Sebuah
berita di halaman pertama Kedaulatan Rakyat (KR), Sabtu 3 Juni 2017 cukup
menarik perhatian. Diberitakan seorang pelajar SMP di Klaten mengakhiri
hidupnya sendiri setelah mendengar hasil ujian, yang mana pelajar tersebut
dinyatakan tidak lulus. Kemungkinan merasa khawatir dan takut dimarahi orang
tuanya karena nilai ujiannya kurang bagus dan tidak sesuai harapan ibunya,
demikian dugaan sementara yang muncul dalam pemberitaan di KR tersebut. Kejadian bunuh diri remaja
seakan bukan hal yang baru. Belum lama ini, seorang siswi SMK di Sumatera Utara
pun akhirnya meninggal dunia setelah dirawat di rumah sakit pasca-percobaan
bunuh diri dengan menenggak racun tanaman (tirto.id, 11 April 2017).
Fenomena
tindakan bunuh diri remaja bukan hal yang baru. Dalam banyak pemberitaan tak
jarang kita menemukan hal serupa. Karena alasan tertentu, beberapa remaja usia
SMP-SMA nekat mengakhiri hidup sendiri dengan cara yang tidak wajar. Mengutip beritasatu.com (Rabu, 8 Juni 2016) hasil survei yang dilakukan Badan
Penelitian dan Pengembangan Kesehatan (Balitbangkes) Kementerian Kesehatan
menunjukkan 650 siswa SMP dan SMA di Indonesia punya keinginan bunuh diri.

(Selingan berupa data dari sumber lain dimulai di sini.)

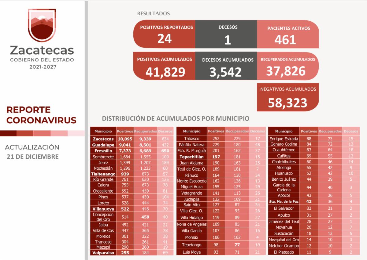 Así, la SSZ reporta que en Zacatecas se acumulan 41 mil 829 casos de Covid-19, 37 mil 826 recuperados y 3 mil 542 decesos.
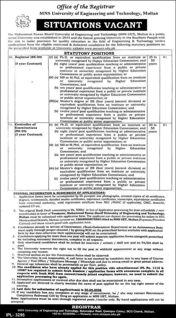 Apply for MNS UET Multan Jobs 2026. Registrar and Controller of Examinations vacancies available. Check qualifications, experience, eligibility, application process, and deadline.
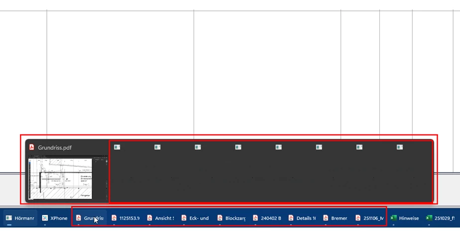 in der Vorschau bei Mouseover werden 5 Dokumente angezeigt, wie man erkennen kann teilweise doppelt:
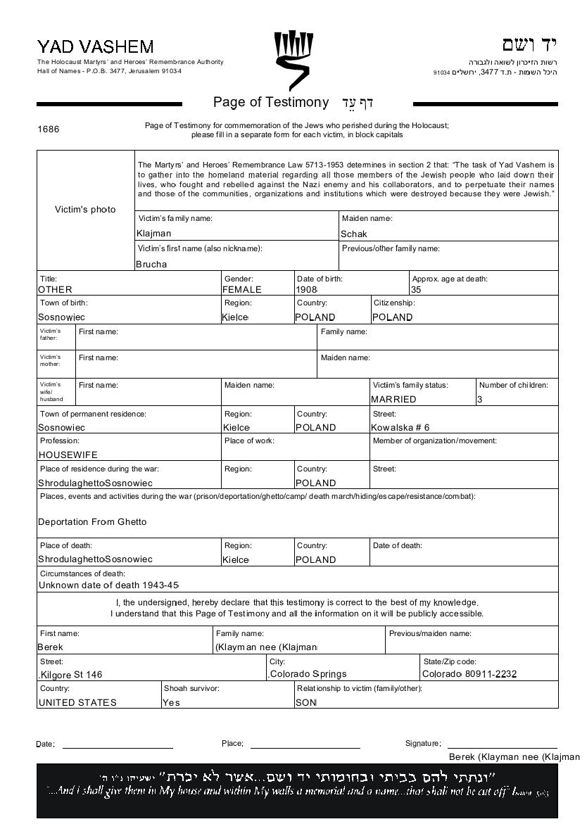 Brucha Klajman, geb. Schak wurde im Jahr 1908 in Sosnowiec, Polen geboren. Sie war Hausfrau und Verheiratet. Vor dem Zweiten Weltkrieg lebte sie in Sosnowiec, Polen. Während des Krieges war sie in Sosnowiec Srodula, Polen.
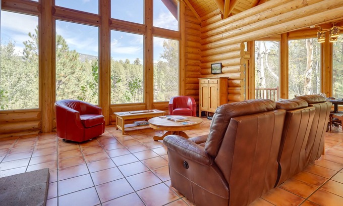 CABIN FEATURES: Great room w/ floor-to-ceiling windows, dining tables, lounge seating, reclining sofa, books, board games, log cabin furnishings, southwestern decor, large loft with game table and sofa
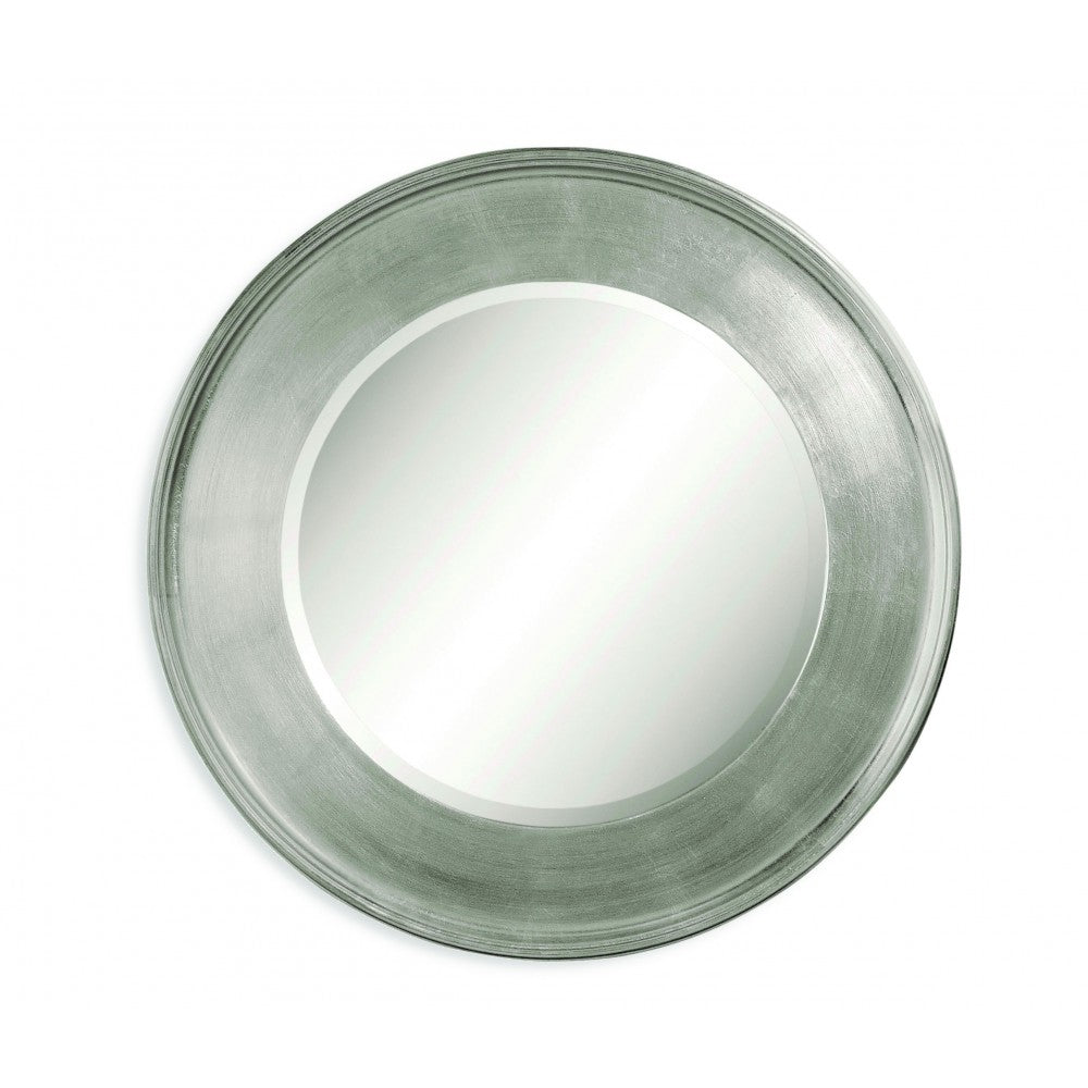 This silver leaf round wall mirror with 6' profile makes a stunning statement in any room. The design is simple yet elegant, and includes a beveled mirror.
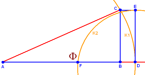 sind 0.618 des Kreisdurchmessers CD. Die Strecken AD und CB sind

Survei yang dilakukan pada 2015 ini melibatkan 10.300 siswa dari seluruh
provinsi di Indonesia sebagai sampel.
Untuk
menggali lebih jauh problem ini, ada baiknya dipahami lebih dahulu apa itu
remaja. Masa remaja merupakan satu periode kronologi kehidupan yang akan dan
pasti dilalui semua manusia. Masa remaja adalah masa transisi dari masa
kanak-kanak menuju masa dewasa yang ditandai dengan adanya perubahan pada aspek
fisik, psikis dan psikososial. Oleh Stanley Hall, masa ini disebut masa storm and stress. Remaja mengalami
tekanan-tekanan akibat persinggungan antara nilai-nilai yang riil dan ideal
yang dimilikinya. Ketidaksiapan serta ketidakmampuan remaja menghadapi
kenyataan yang dialaminya tak jarang membuat remaja terjebak dalam perilaku
delinkuensi, bahkan pada tingkatan yang lebih tinggi bisa menyebabkan remaja
melakukan tindakan ekstrim: bunuh diri.
Tindakan
bunuh diri yang dilakukan remaja merupakan hal yang patut diberi perhatian
serius. Untuk kategori remaja sendiri, secara global trend negatif ini
menunjukkan angka yang mengejutkan. Pertanyaan-pertanyaan yang berkaitan dengan
makin tingginya tingkat bunuh diri di kalangan remaja seakan tak juga memberi
jawaban tuntas. Bagaimana mungkin seorang remaja mampu mengambil langkah
ekstrim seperti ini? Untuk menelusuri secara mendalam hal ini diperlukan
penggalian yang komprehensif.
Banyak
faktor yang ikut menyumbang andil terhadap tindakan bunuh diri yang dilakukan
remaja. Faktor-faktor yang sering ditemukan di lapangan bisa bersifat serius,
tapi tak jarang ada beberapa faktor yang tak terpikirkan dan dianggap sepele oleh
mayoritas orang, terlebih oleh orang dewasa (orang tua). Kita bisa mencari
informasi terkait baik berupa pemberitaan di media massa sampai laporan
penelitian ilmiah yang dilakukan banyak pihak. Dari sekian banyaknya tindakan
bunuh diri pada remaja, banyak faktor penyebab yang ikut ditemukan. Beberapa
faktor yang ditemukan antara lain masalah tuntutan dan tekanan yang berlebihan
dari keluarga dalam hal ini orang tua, masalah relasi personal dan sosial,
masalah emosi, menjadi korban kejahatan, menjadi korban bullying dengan berbagai variannya, masalah seksual serta gangguan
psikologis dan sosial lainnya. Tentu ini hanya beberapa dari sekian banyak
faktor yang turut memberi andil terhadap fenomena bunuh diri yang terjadi di
kalangan remaja.
Kembali
kepada pemberitaan di KR Sabtu, 3 Juni 2017, disinyalir faktor orang tua
memberi andil terhadap tindakan remaja mengakhiri hidupnya sendiri. Ini menjadi
catatan penting terhadap orang tua. Secara umum orang tua mengharapkan setiap
anaknya tumbuh menjadi pribadi yang diharapkan. Hal ini baik, sangat positif.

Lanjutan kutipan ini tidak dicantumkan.